_Exercise input_:
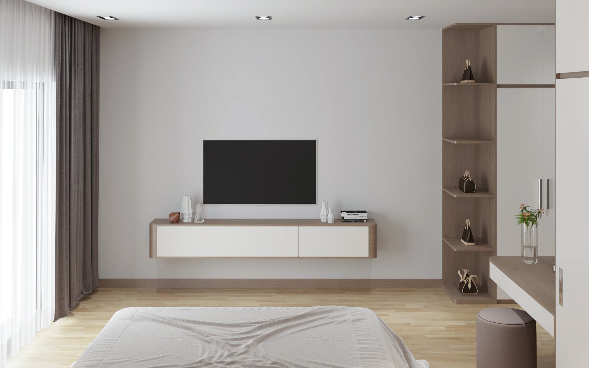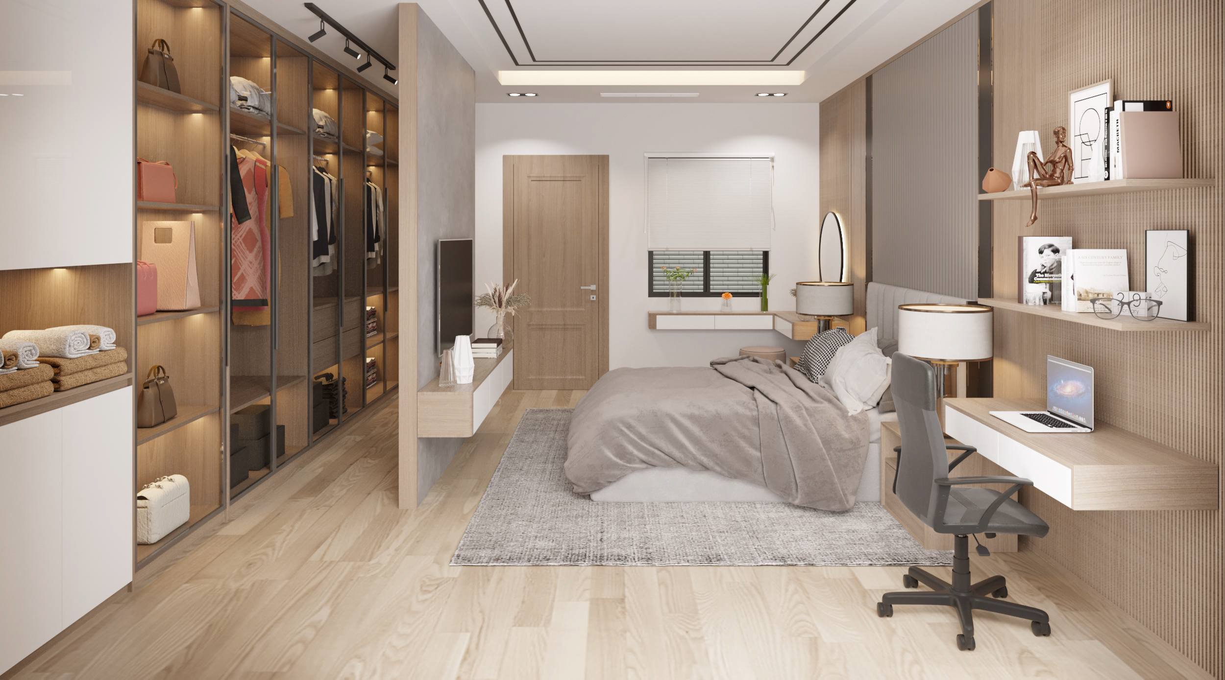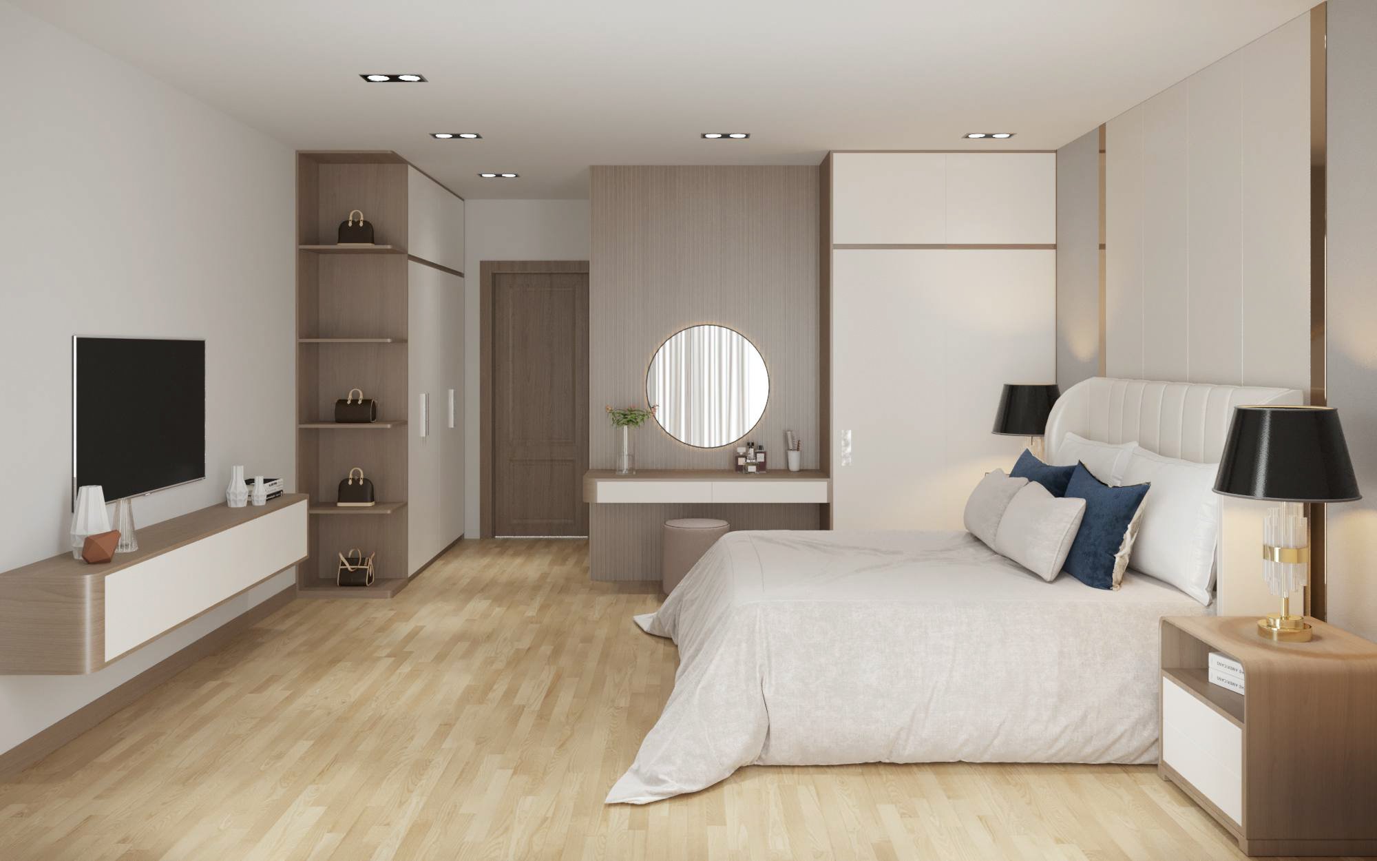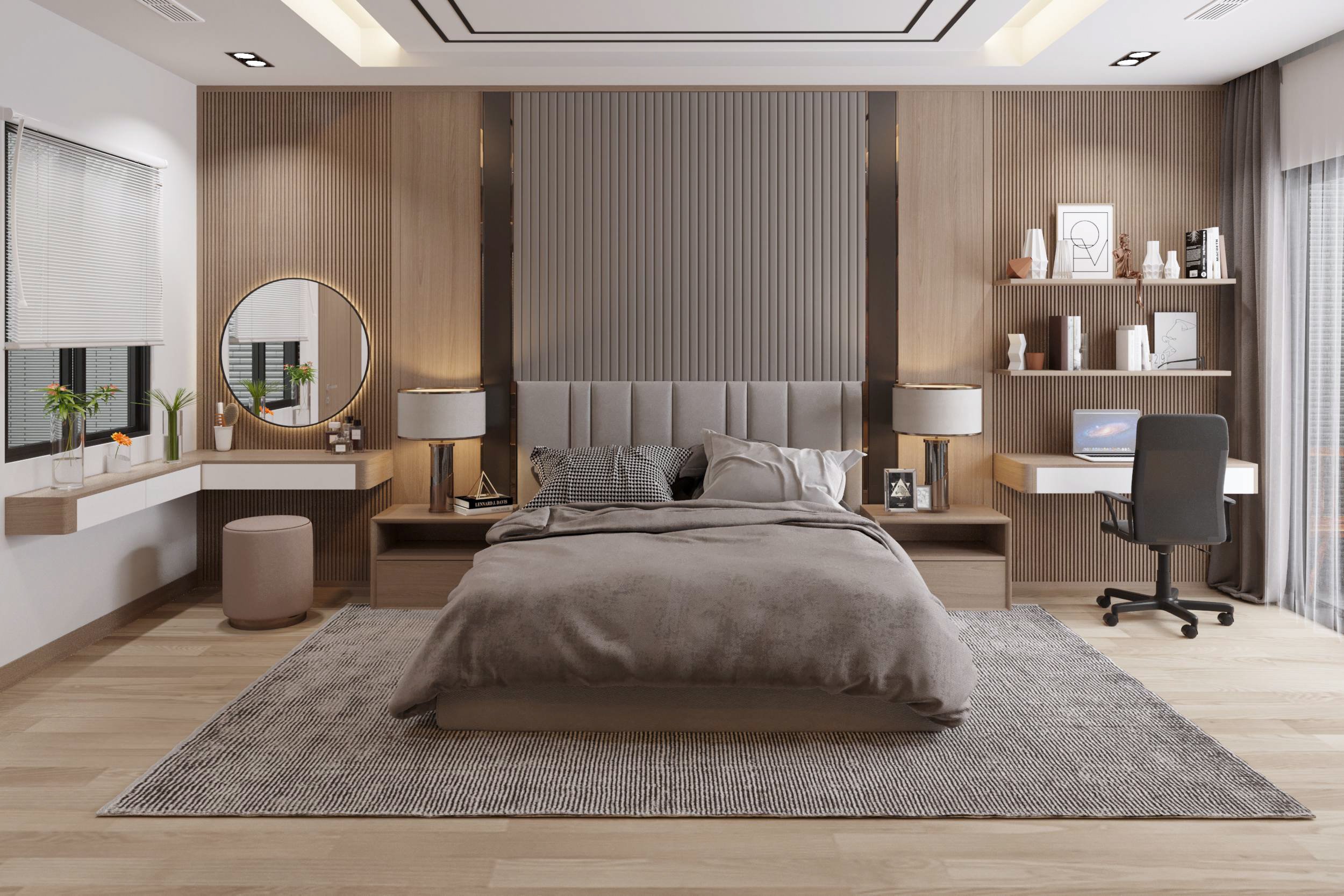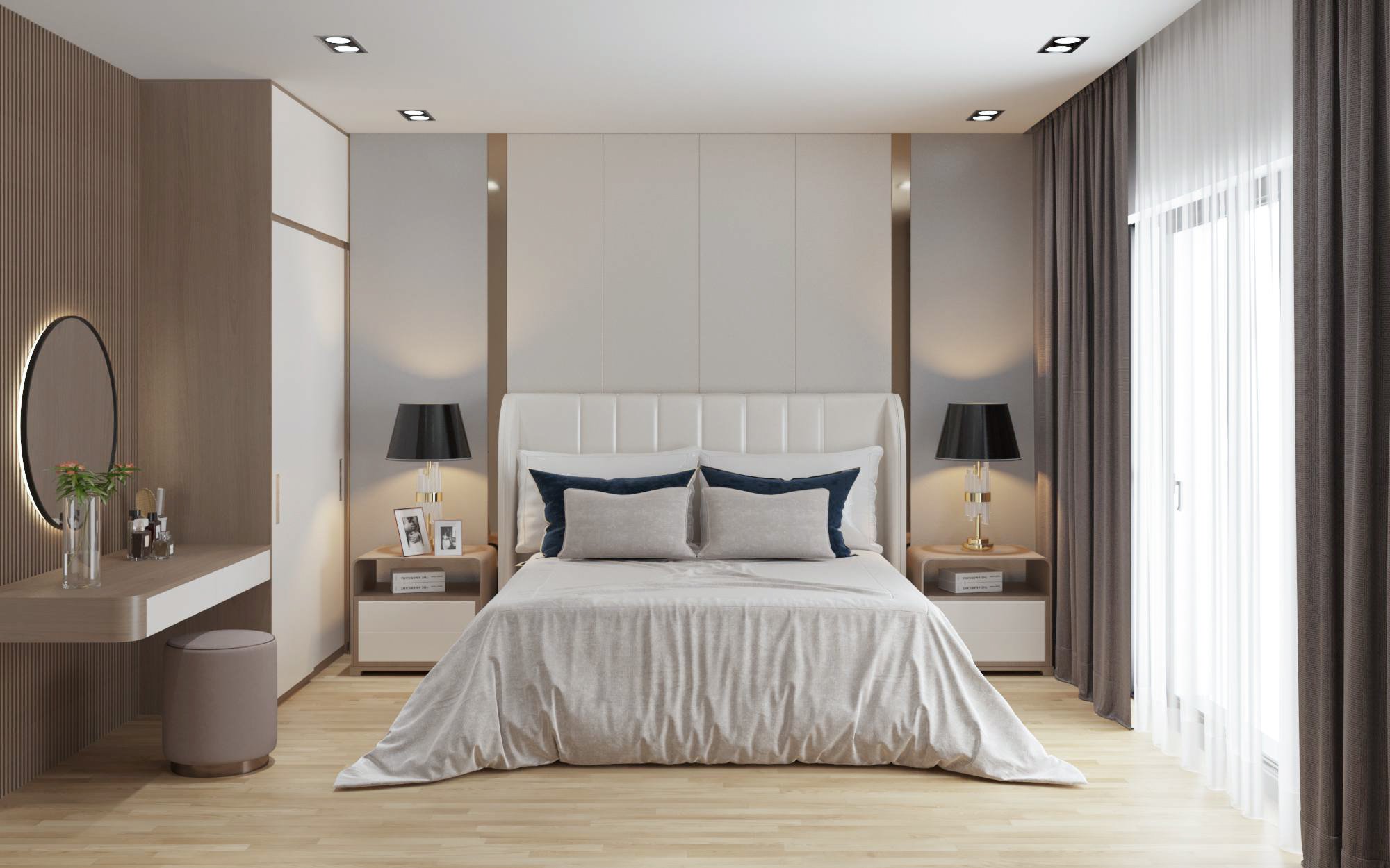 Phòng ngủ master gồm giường 2*2.2m bọc da xung quanh giường, hai bên giường là tab đèn, 1 bộ bàn phấn và bàn làm việc. Sau giường ốp gỗ phẳng và nan sóng
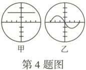 4.乙 【解析】甲示波器上显示的电流波形图是一条直线,说明其频率没有变化,代表的是直流电;乙示波器上显示的电流波形图是正弦曲线,说明其频率有规律变化,代表的是交流电。
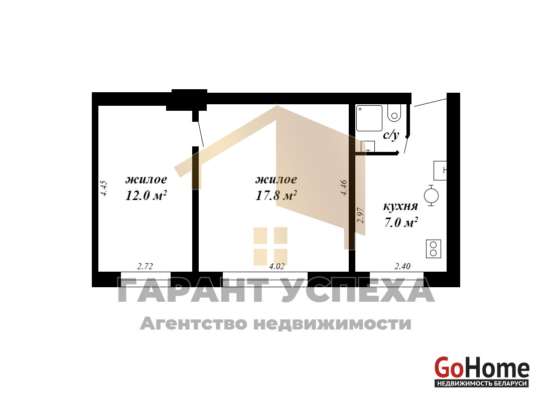 Рациональная смежная планировка, где зал 17,8 кв.м. является проходной комнатой, спальня - 12 кв.м, кухня - 7 кв.м, совмещённый санузел, коридор.
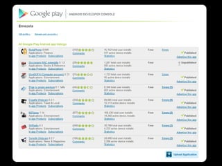 El documento detalla el proceso de desarrollo y monetización de aplicaciones móviles, abarcando aspectos como la identificación del público objetivo, modelos de negocio y estrategias de promoción. Se analiza la compatibilidad de las aplicaciones con diferentes versiones de Android y se presentan ejemplos de éxito en la utilización de publicidad para generar ingresos. Además, se incluyen recomendaciones sobre cómo utilizar herramientas como Google AdMob y estadísticas relevantes para los desarrolladores.
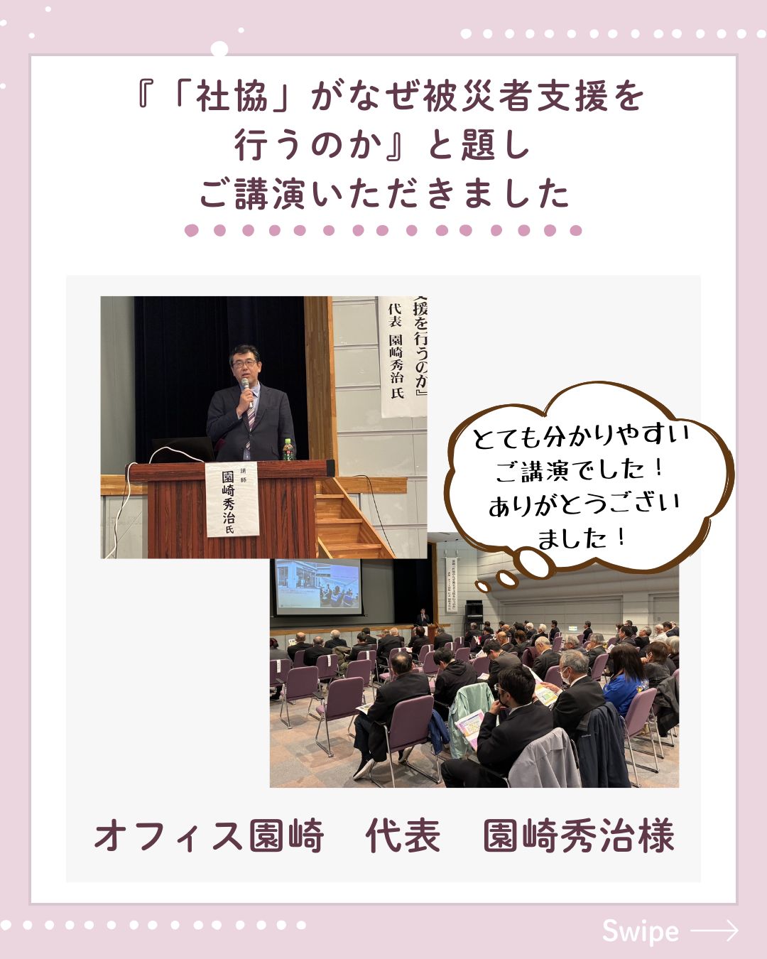 続いて行われた講演会では、近年相次ぐ自然災害を背景に「『社協』がなぜ被災者支援を行うのか」と題し、オフィス園崎 代表の園崎秀治様をお招きしご講演いただきました。被災者支援の三原則である「被災者中心・地元主体・協働」について具体的な事例を交えながら非常に分かりやすくご講演いただきました。

_Instructions for the task_:
Nothing but the lines from the one holding "El documento detalla" through the last line of the listing should appear in the answer, copied exactly and without pictures.

_Solution to the exercise_:
 El documento detalla el proceso de desarrollo y monetización de aplicaciones móviles, abarcando aspectos como la identificación del público objetivo, modelos de negocio y estrategias de promoción. Se analiza la compatibilidad de las aplicaciones con diferentes versiones de Android y se presentan ejemplos de éxito en la utilización de publicidad para generar ingresos. Además, se incluyen recomendaciones sobre cómo utilizar herramientas como Google AdMob y estadísticas relevantes para los desarrolladores.
 続いて行われた講演会では、近年相次ぐ自然災害を背景に「『社協』がなぜ被災者支援を行うのか」と題し、オフィス園崎 代表の園崎秀治様をお招きしご講演いただきました。被災者支援の三原則である「被災者中心・地元主体・協働」について具体的な事例を交えながら非常に分かりやすくご講演いただきました。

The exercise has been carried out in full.